One of my presents, ordered via a lovingly literary mother-in-law, was some holiday reading: JD Vance’s Hillbilly Elegy. It’s a book I’ve been wanting to read for some time. First published in 2016, a few months before the US presidential election, in subsequent editions Hillbilly Elegy has been billed as essential reading for those who want to understand how Donald Trump came to power.

This pitch is somewhat unfair on the author, whose “memoir of a family and culture in crisis” doesn’t mention Trump at all and barely dwells on the shifting voting patterns of the white working class that are commonly identified as a crucial factor in Trump’s victory over Hillary Clinton (when Vance does discuss such shifts from Democrat blue to Republican red, they date back to Richard Nixon).

But Vance makes much of the phenomenon of internal migration — from Kentucky to Illinois, in the case of his family and thousands like them — and of the consequences of this Appalachian displacement, specifically in the context of industrial and economic decline in the Midwest. The “Rust Belt” states were crucial in the 2016 election, so you can hardly blame the book’s publishers for pushing this angle.

The front-cover shout on the edition I read (from British newspaper The Independent) went further, promising “great insight” not only into Trumpism but also into Brexit.

This connection relies on the received wisdom that the disillusionment of America’s white working class with the political establishment was more or less the same as that of Britain’s white working-class populations outside London, who have repeatedly voted against their own best interests in supporting the Tories and Britain’s departure from the EU.

With this framing, however, Hillbilly Elegy is doomed to disappoint — for it simply reproduces the structural racism that places the interests of white citizens front and centre. What misery must these white voters have experienced to make them act in this way? The question, which has spawned a thousand thinkpieces and features, takes it for granted that white people enduring hardship deserve more sympathy than black people. Black suffering is normative; white suffering is newsworthy. (In SA we know all about this.)
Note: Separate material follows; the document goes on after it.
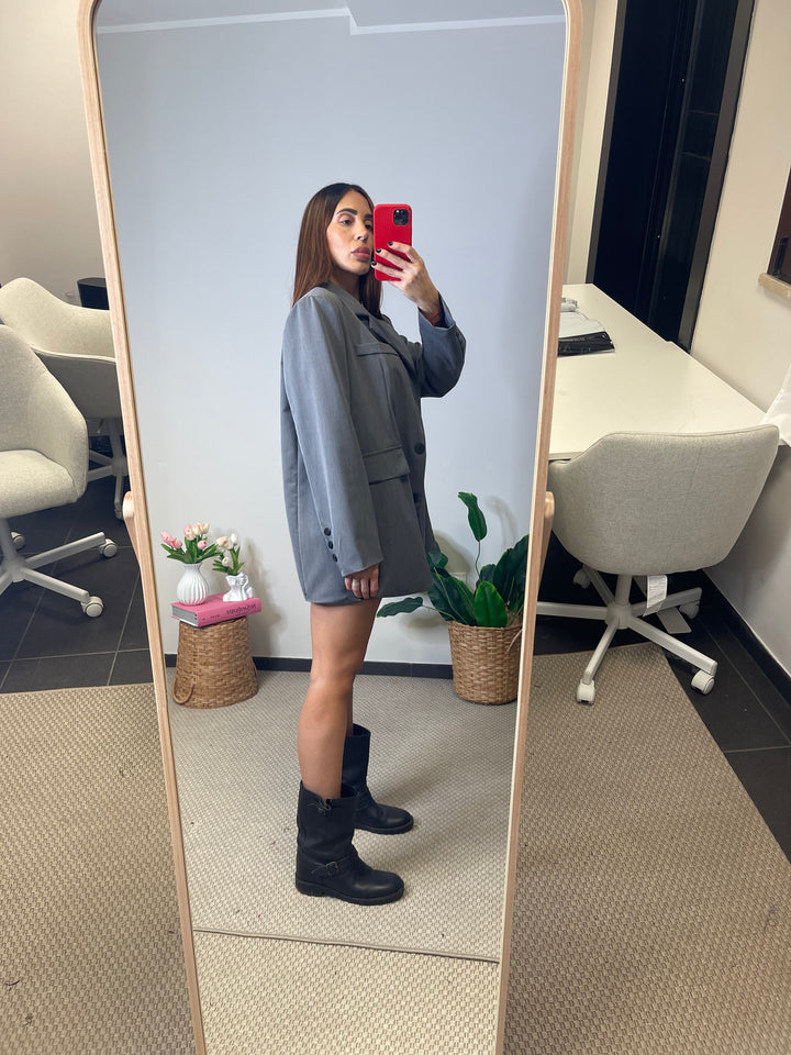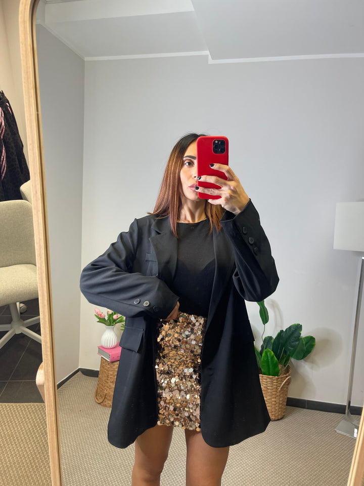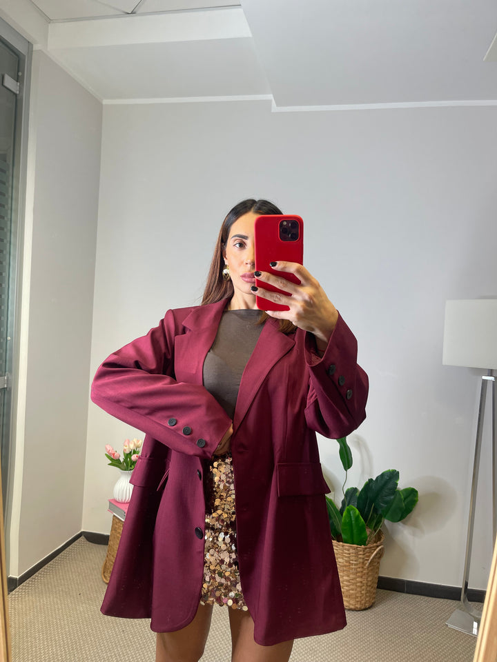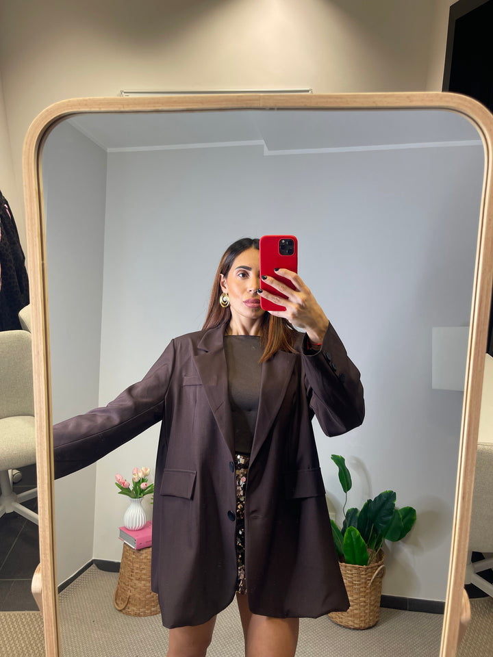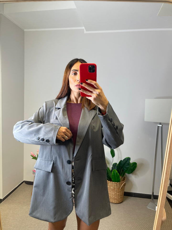 Blazer taglio oversize foderato con spalline imbottite, doppio bottone sul davanti. Taglia unica.

Vance skirts the question of race. At times he is at pains to emphasise that the disenfranchisement of his own family and community makes him feel that he has more in common with people of colour than with well-to-do whites. He even cites statistics indicating that things are worse for white hillbillies than for black and Hispanic Americans. Yet he only vaguely alludes to their crass racism.

Hillbilly Elegy fails to give a proper account of the circumstances that gave rise to Trumpism and Brexit because it hesitates to state the obvious: what binds Trump voters and Brexiteers across differences of class and geography is white fear of, and resentment towards, those whose skin colour is a shade of brown.

Vance has other blind spots that grate. He uses the word “conservative” as if it is ideologically neutral — as if his country hadn’t been divided by the culture wars for decades. He says Fox News is a legitimate broadcaster. He is critical of certain forms of Christianity in the US but has little to say about the brazen hypocrisy of the evangelical right. He writes about women who “give as good as they get” when it comes to domestic violence and decries mothers who have multiple children by different fathers as if slut-shaming passes for sociological critique.

His clumsy treatment of gender dynamics is based on tired notions of masculinity that validate “honour codes” and virile violence. As a former marine who saw action in Iraq, he mouths the predictable sanctimonious platitudes about veterans of the armed forces that reimagine American military aggression as a form of defence.

For me, reading Vance praising the virtues of militarism while reading headlines about his current commander-in-chief escalating conflict with Iran in fact confirmed that not much has changed after all since the 1950s.

Trump or no Trump, the US’s “perpetual war” will continue.